Cette politique a résulté en une expropriation des investisseurs et des compagnies d’assurances et fonds de pension de l’Eurozone. Les taux d’intérêt à dix ans sont à 0,5% en Allemagne. Cette politique dont l’utilité n’a jamais été démontrée va progressivement se ralentir et amener les taux à augmenter. Ce sera un bain de sang pour les pays très endettés de l’Eurozone.

Japon

Malgré $ 10450 milliards représentant un taux d’endettement de 253% du PIB, les taux d’intérêt des Japanese Government Bonds stagnent à 0% pour dix ans. Il faut dire que la moitié environ de ces obligations est logée à la Banque du Japon. Et représente 80% de son bilan.

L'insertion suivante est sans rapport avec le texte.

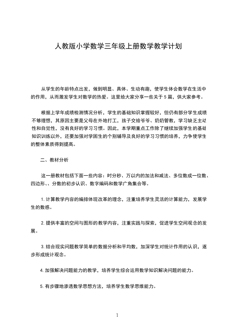 一、情况分析(一)班级情况分析:1、本班共有学55人,其中男生30人,女生25人,从上学年考试成绩分析,学生的基础的知识、概念掌握还算牢固,口算及乘法口诀掌握还好。但粗心大意的还比较多,灵活性不够,应用能力较差。但总的来说大部分学生对数学比较感兴趣,但接受能力不强,学习不够主动,也有部分学生自觉性不够,不能及时完成作业等,对于学习数学有一定困难。所以在新的学期里,在端正学生学习态度的同时,应加强培养他们的各种学习数学的能力,以提高成绩。2、本班级学困生也不少,如:麦XX、陈X、李XX、周XX、陈XX等学生。这些同学自觉性不够,缺乏刻苦钻研的精神,总想偷懒,不做作业或者抄别人的作业。今后首先还是加强学习习惯培养,如学前的预习、课后的复习等。在书写上还要继续提高要求,只有让学生在认真书写的基础上才有可能认真思考。因此要在本学期的教育教学中培养孩子的良好学习习惯,增强孩子的自信心,探寻良好的学习方法,采用各种激励机制,让孩子迎头赶上。就是“蜗牛”也就能往上爬。(二)教材分析本学期教材是课改的第一年,教学内容有些调整,内容包括时分秒万以内的加法和减法测量倍的认识多位数乘一位数数字编码长方形和正方形分数的初步认识数学广角(集合)等。本册教材的重点教学内容是万以内的加法和减法笔算、多位数乘一位数以及四边形,所以培养他们的计算能力及空间思维能力是关键。在教学中加强数学数量关系的分析,让学生学会分析,学会审题,提高解题能力。最后在激发学生学习兴趣方面多寻找方法,使他们乐学,愿学。二、本学期教学的指导思想1、改进笔算教学的编排,体现计算教学改革的理念,重视培养学生的数感。2、量与计量的教学联系生活实际,重视学生的感受和体验。3、空间与图形的教学,强调实际操作与自主探索,加强估测意识和能力的培养。4、提供丰富的现实学习素材,体现知识的形成过程。5、逐步发展学生综合运用知识的能力,注重情感、态度、价值观的培养。三、本学期教学的主要目的要求(一)知识和技能方面1、会正确笔算三位数的加、减法,会进行相应的估算和验算。2、会口算一位数乘整十、整百数;会笔算一位数乘二、三位数,并会进行估算。3、初步认识简单的分数(分母小于10),会读、写分数并知道各部分的名称,初步认识分数的大小,会计算简单的同分母分数的加减法,会解决简单的有关分数的实际问题。4、会区分和辨认四边形,掌握长方形和正方形的特征,会在方格纸上画长方形、正方形;知道周长的含义,会计算长方形、正方形的周长;能估计一些物体的长度,并会进行测量。5、认识长度单位毫米、分米和千米,初步建立1毫米、1分米和1千米的长度观念,知道1厘米=10毫米、1分米=10厘米、1千米=1000米;认识质量单位吨,初步建立1吨的质量观念,知道1吨=1000千克,会进行简单的换算,会恰当地选择单位;认识时间单位秒,初步建立分、秒的时间观念,知道1分=60秒,会进行一些有关时间的简单计算。6、理解“倍”的意义,掌握“求一个数是另一个数的几倍”和“求一个数的几倍”的实际问题的方法。7.学生会借助直观图,利用集合的思维方法解决简单的实际问题。(二)数学思考方面1、体会数学知识之间的内在联系,感受数学与生活的联系,初步体会集合思维,逐步形成空间的观念。2、结合生活中的实际问题,灵活运用所学的数学知识解决生活中的问题。3、结合具体情境,通过直观操作,初步理解分数的意义,体会学习分数的必要性。(三)解决问题方面1、经历从生活中发现并提出问题、解决问题的过程,体验数学与日常生活的密切联系,感受数学在日常生活中的作用。2、了解同一问题可以有不同的解决办法。3、有与同学合作解决问题的经验。4、初步学会表达解决问题的大致过程和结果。(四)情感与态度方面1、在他人的鼓励和帮助下,对身边与数学有关的某些事物有好奇心,能积极参与生动、直观的教学活动。2、在他人的鼓励和帮助下,能克服在数学活动中遇到的某些困难,获得成功的体验,有学好数学的信心。3、经历观察、操作、归纳等学习数学的过程,感受数学思考过程的合理性。4、在他人的指导下,能够发现数学活动中的错误,并及时改正。5、体会学习数学的乐趣,提高学习数学的兴趣,建立学好数学的信心。6、养成认真作业、书写整洁的良好习惯。四、教学的重点、难点教学重点:万以内数的加法和减法、长方形和正方形。教学难点:时分秒的认识、长方形和正方形。五、本学期提高教学质量的具体措施1、从学生的年龄特点出发,多采取游戏式的教学,引导学生乐于参与数学学习活动。2、在课堂教学中,注意多一些有利于孩子理解的问题,而不是一味的推广。应该考虑学生实际的思维水平,多照顾中等生以及思维偏慢的学生。3、尽量布置一些比较有趣的作业,比如动手的作业,少一些呆板的练习;另外,对于不同层次的学生,布置难易程度不同的作业。4、加强家庭教育与学校教育的联系,适当教给家长一些正确的指导孩子学习的方法。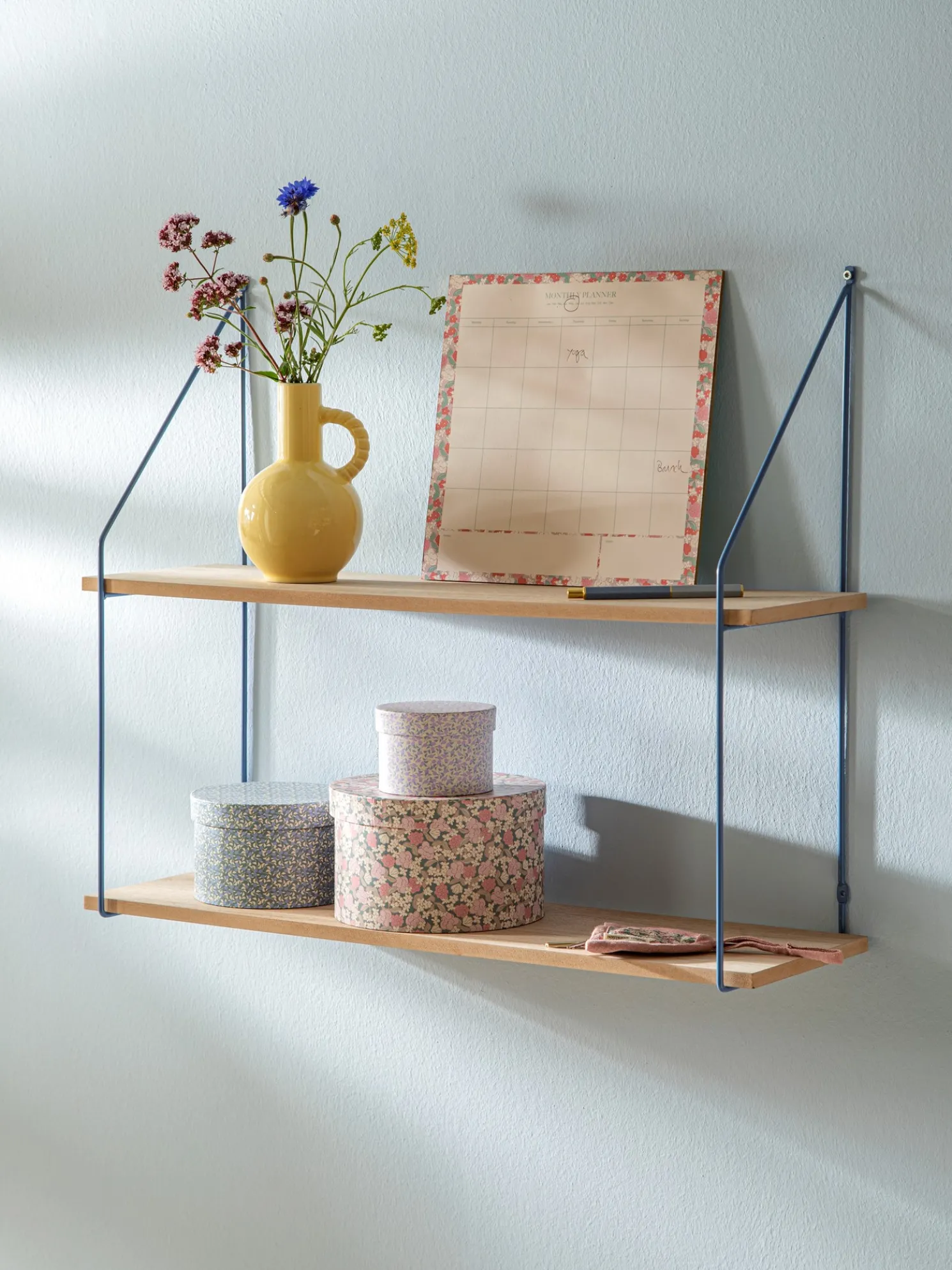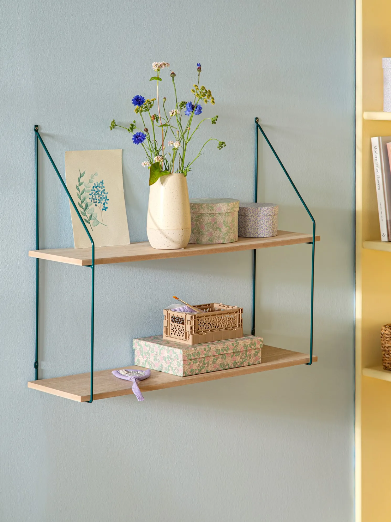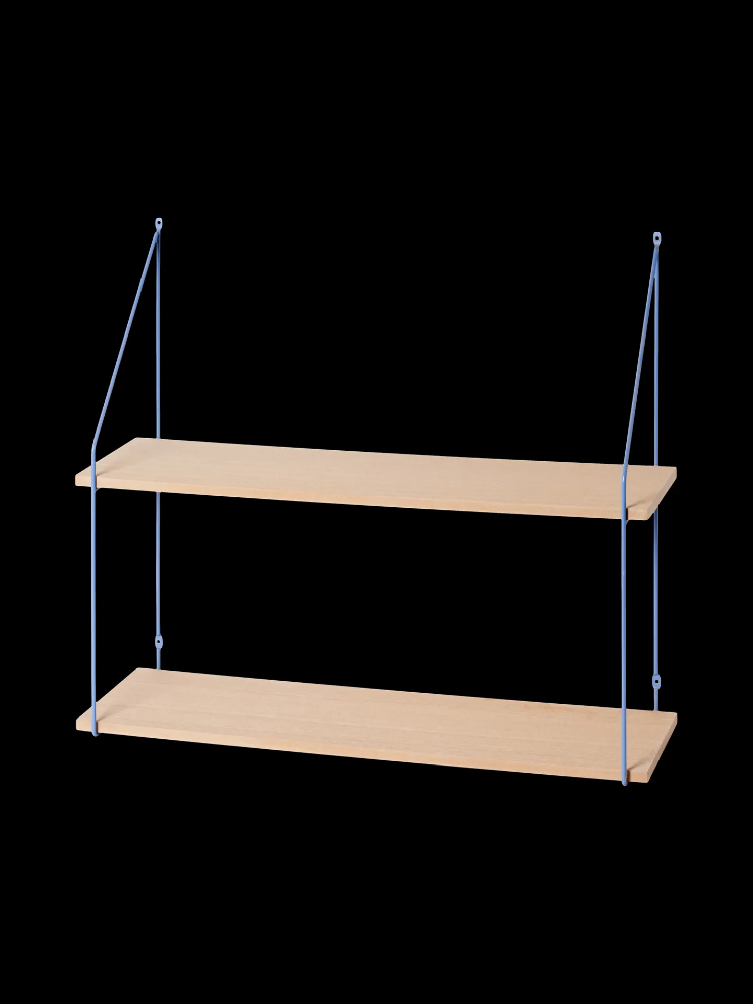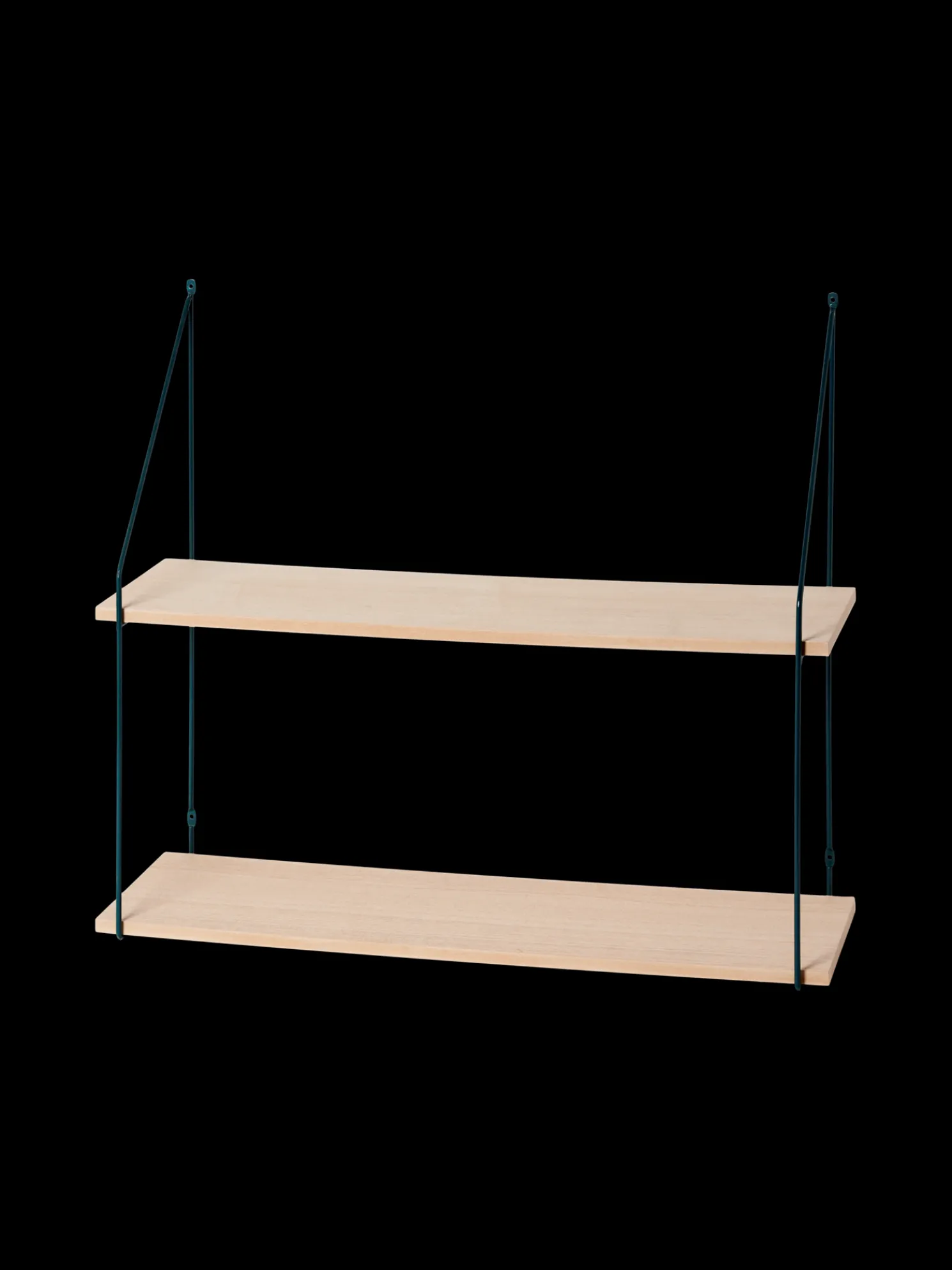 Das Wandregal der Schwestern besteht aus 100 % FSC®-zertifiziertem MDF und Kiefernfurnier. Es hat zwei Regalböden.

Nous sommes donc dans un système qui s’autofinance à travers deux grandes institutions contrôlées par le gouvernement et par fidélité a toute épreuve des Japonais qui détiennent une bonne partie de leur épargne en emprunts d’ETA.

Comment se défendre ? Vendre des actifs. 

Une des caractéristiques de la situation du moment est le déni. Certes, en conversations privées, la conscience d’un risque d’ouragan est présente, mais il s’agit d’un phénomène de schizophrénie qui feint d’ignorer que les premiers soubresauts se font déjà sentir. Il va falloir choisir entre la diminution des depenses, l’augmentation des recettes, mais surtout, de maniere plus immediate, la vente d’actifs sur une grande echelle.

Il est urgent d’infléchir la politique de la Banque centrale Européenne. Les 2.000 milliards d’excédent de la BCE doivent cesser de s’accroitre à un niveau de € 60 milliards par mois. L’Europe est vacillante à cause de la politique de sa banque centrale.

La crise pourrait cependant venir des Etats Unis où un tiers de la dette est détenue par des organismes étrangers, principalement des banques centrales.

Comme individus, assurons-nous que nous sommes en mesure de faire face à une baisse importante de nos actifs et que notre endettement est à taux fixe et sur longue durée. Nous ne pouvons pas compter sur le déni des autorités politiques et monétaires, ni sur les banques, gorgées de bons d’Etat pour des montants supérieurs à leurs fonds propres.

Le moment est venu de prendre des mesures courageuses et immédiates. 2020 est proche.